_YOUR ASSIGNMENT_.
Please retype the data below in full.

_PROVIDED INFORMATION_.
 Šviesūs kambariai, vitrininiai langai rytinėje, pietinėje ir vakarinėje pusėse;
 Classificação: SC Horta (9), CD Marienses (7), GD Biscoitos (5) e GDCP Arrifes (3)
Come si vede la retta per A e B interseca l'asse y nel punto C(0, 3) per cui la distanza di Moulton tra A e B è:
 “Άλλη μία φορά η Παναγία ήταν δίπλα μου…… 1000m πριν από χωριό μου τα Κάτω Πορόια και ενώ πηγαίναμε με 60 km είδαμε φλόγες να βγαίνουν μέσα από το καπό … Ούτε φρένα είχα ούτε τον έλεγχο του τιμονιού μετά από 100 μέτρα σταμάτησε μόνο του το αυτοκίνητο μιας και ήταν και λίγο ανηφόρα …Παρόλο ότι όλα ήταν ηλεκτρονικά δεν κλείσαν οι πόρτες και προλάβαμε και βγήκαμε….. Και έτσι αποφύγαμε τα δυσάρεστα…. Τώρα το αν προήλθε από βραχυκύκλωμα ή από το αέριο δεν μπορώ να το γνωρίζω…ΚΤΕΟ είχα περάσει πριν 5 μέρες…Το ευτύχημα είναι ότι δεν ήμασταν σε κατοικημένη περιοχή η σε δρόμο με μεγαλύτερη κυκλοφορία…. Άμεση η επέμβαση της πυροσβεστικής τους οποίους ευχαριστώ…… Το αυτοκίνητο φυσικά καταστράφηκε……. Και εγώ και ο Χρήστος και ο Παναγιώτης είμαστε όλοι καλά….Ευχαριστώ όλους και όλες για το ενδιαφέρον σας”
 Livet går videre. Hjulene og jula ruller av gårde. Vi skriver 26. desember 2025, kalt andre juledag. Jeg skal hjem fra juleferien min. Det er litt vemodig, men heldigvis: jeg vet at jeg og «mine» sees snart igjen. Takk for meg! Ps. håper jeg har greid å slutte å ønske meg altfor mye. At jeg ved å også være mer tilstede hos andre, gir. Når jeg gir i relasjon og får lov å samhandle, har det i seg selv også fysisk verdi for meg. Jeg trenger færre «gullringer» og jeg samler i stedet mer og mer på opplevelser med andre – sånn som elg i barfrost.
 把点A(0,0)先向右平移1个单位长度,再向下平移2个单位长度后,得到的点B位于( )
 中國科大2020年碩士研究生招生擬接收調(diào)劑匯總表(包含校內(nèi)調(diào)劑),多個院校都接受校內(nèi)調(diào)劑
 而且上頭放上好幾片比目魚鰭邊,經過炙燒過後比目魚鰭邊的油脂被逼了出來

_OUTPUT FOR THIS TASK_.
 Šviesūs kambariai, vitrininiai langai rytinėje, pietinėje ir vakarinėje pusėse;
 Classificação: SC Horta (9), CD Marienses (7), GD Biscoitos (5) e GDCP Arrifes (3)
Come si vede la retta per A e B interseca l'asse y nel punto C(0, 3) per cui la distanza di Moulton tra A e B è:
 “Άλλη μία φορά η Παναγία ήταν δίπλα μου…… 1000m πριν από χωριό μου τα Κάτω Πορόια και ενώ πηγαίναμε με 60 km είδαμε φλόγες να βγαίνουν μέσα από το καπό … Ούτε φρένα είχα ούτε τον έλεγχο του τιμονιού μετά από 100 μέτρα σταμάτησε μόνο του το αυτοκίνητο μιας και ήταν και λίγο ανηφόρα …Παρόλο ότι όλα ήταν ηλεκτρονικά δεν κλείσαν οι πόρτες και προλάβαμε και βγήκαμε….. Και έτσι αποφύγαμε τα δυσάρεστα…. Τώρα το αν προήλθε από βραχυκύκλωμα ή από το αέριο δεν μπορώ να το γνωρίζω…ΚΤΕΟ είχα περάσει πριν 5 μέρες…Το ευτύχημα είναι ότι δεν ήμασταν σε κατοικημένη περιοχή η σε δρόμο με μεγαλύτερη κυκλοφορία…. Άμεση η επέμβαση της πυροσβεστικής τους οποίους ευχαριστώ…… Το αυτοκίνητο φυσικά καταστράφηκε……. Και εγώ και ο Χρήστος και ο Παναγιώτης είμαστε όλοι καλά….Ευχαριστώ όλους και όλες για το ενδιαφέρον σας”
 Livet går videre. Hjulene og jula ruller av gårde. Vi skriver 26. desember 2025, kalt andre juledag. Jeg skal hjem fra juleferien min. Det er litt vemodig, men heldigvis: jeg vet at jeg og «mine» sees snart igjen. Takk for meg! Ps. håper jeg har greid å slutte å ønske meg altfor mye. At jeg ved å også være mer tilstede hos andre, gir. Når jeg gir i relasjon og får lov å samhandle, har det i seg selv også fysisk verdi for meg. Jeg trenger færre «gullringer» og jeg samler i stedet mer og mer på opplevelser med andre – sånn som elg i barfrost.
 把点A(0,0)先向右平移1个单位长度,再向下平移2个单位长度后,得到的点B位于( )
 中國科大2020年碩士研究生招生擬接收調(diào)劑匯總表(包含校內(nèi)調(diào)劑),多個院校都接受校內(nèi)調(diào)劑
 而且上頭放上好幾片比目魚鰭邊,經過炙燒過後比目魚鰭邊的油脂被逼了出來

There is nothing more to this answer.